4. Mas voltemos ao acontecimento conciliar, a respeito do qual parece ter sido o Cardeal Felici, por unânime reconhecimento, um dos protagonistas. Sem insistir em tal apreciação (não seria este o lugar), quereria só observar que toda a actividade, por ele desempenhada na sua vida — isto é antes, na realização e depois do Concílio — corresponde àquela nota que foi significativa do Vaticano II: a nota da eclesialidade. Na verdade, o Concílio da Igreja teve no seu Secretário o servidor da Igreja, pela qual trabalhou activa e desinteressadamente, no seu esforço de descobrir, juntamente com a assembleia dos irmãos Bispos, os genuínos e originais traços da Igreja de Cristo, sacramento de salvação e de unidade para os homens (cf. Const. Dogm. Lumen Gentium, 1).

Ele soube também estabelecer, nos dias e nos meses desta apaixonada busca, formas de contacto aberto e cordial com os Irmãos, as quais floresceram tantas vezes na sincera amizade e foram também elas prova do vínculo de colegialidade, sobre a qual se discutia na Sala.

5. Vamos agora passar da Liturgia da Palavra à Liturgia eucarística, para a qual se encaminha não só o que até agora disse, mas também e sobretudo a recomendação, ouvida na leitura evangélica. Recomendação salutar, recomendação singular é aquele estote parati, que o Senhor a nós dirige (Lc 12, 40)1 Ela, de facto, não deprime, mas alivia e conforta, porque, embora nos lembre o dever da preparação e da vigilância "na expectativa da Sua vinda", é precedida muito de perto pela proclamação da bem-aventurança reservada àqueles que "estão preparados".

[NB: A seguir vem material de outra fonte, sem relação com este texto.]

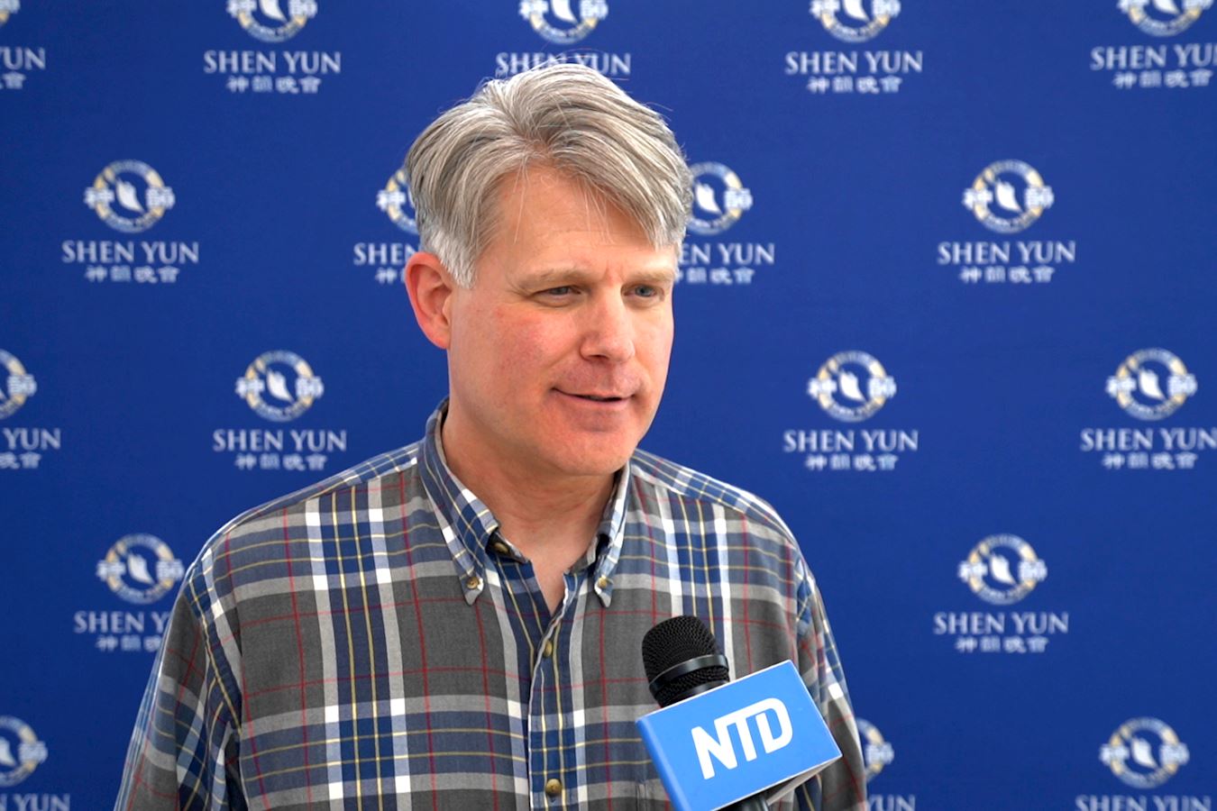里克・克莱恩(Ric Kleine)退休前曾任一家世界500强公司的高管,他表示:“演出与众不同,令我非常佩服。”“演出清楚展现信仰、关怀、为他人考虑、言论自由。让我们明白获取不是我们在世的主要使命。真正重要的是为他人做的事,以及对创世主的信仰。” 他领悟到:“人们过于重视物质的积累,关心的是自己,而不是他人。我觉得演出传递的讯息很清晰:我们是一体,需彼此照顾和支持。重点不在于我们拥有多少,而在于付出多少爱。” 公司老板:神韵演出引导观众的思想和情感走向神 !唐!人:电视台)'> 图14:二零二五年三月二十三日下午,盲人用品公司老板克里斯・桑普森(Chris Sampson)在盐湖城观赏了神韵演出。(新!唐!人:电视台) |
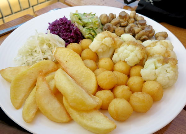 Kaunasista oli aika pitkä ajomatka Puolan Lubliniin. Mitään kilometrejähän meillä ei missään opuksessa näkynyt. Matka pysähdyksineen ja lounaineen kesti ehkä 8 tuntia. Puolassa kävi huvittava tuuri yhden huoltoaseman ravintolassa, jossa yksi annoksista oli jopa kasvislautanen-niminen. Se sisälsi perunakroketteja, lohkoperunoita, keitettyä kukkakaalia, paria salaattia ja paistettuja herkkusieniä. Näitä sai myös salaattilistalta erillisinä.

Faremos bem, Irmãos caríssimos, meditando muitas vezes esta palavra ao mesmo tempo admoestadora e confortante de Cristo Jesus: ela exprime uma das bem-aventuranças evangélicas e consegue, portanto, dar alívio ao nosso espírito diante dos lutos imprevistos, que ferem a nós próprios ou ferem a pessoa dos irmãos. Sim, são "bem-aventurados aqueles servos que o Senhor, quando vier, encontrar vigilantes" (ibid., 37; cf. 38.43).

Tal bem-aventurança, que é premissa e garantia da eterna bem-aventurança em Deus, pode ser com segurança atribuída ao Cardeal Felici, não estando ele nem impreparado nem desatento à voz do Senhor. Apenas alguns minutos antes da improvisa chamada, tinha, com coração que pressente, aludido à partida desta terra, partida que é a sorte comum dos mortais. Assim se inspirava — ele, aluno do Seminário Romano, onde é tradicional e muito sentida a devoção para com Nossa Senhora da Confiança — para declarar diante dos fiéis a certeza de encontrar à espera Maria.

Era então pressentimento? Não o sabemos, mas sabemos, esperamos e cremos que, fechando os olhos sobre a cena deste mundo, ele os reabriu no encontro com a Mãe do céu e, por Ela guiado, com Jesus Salvador e Senhor. Assim seja!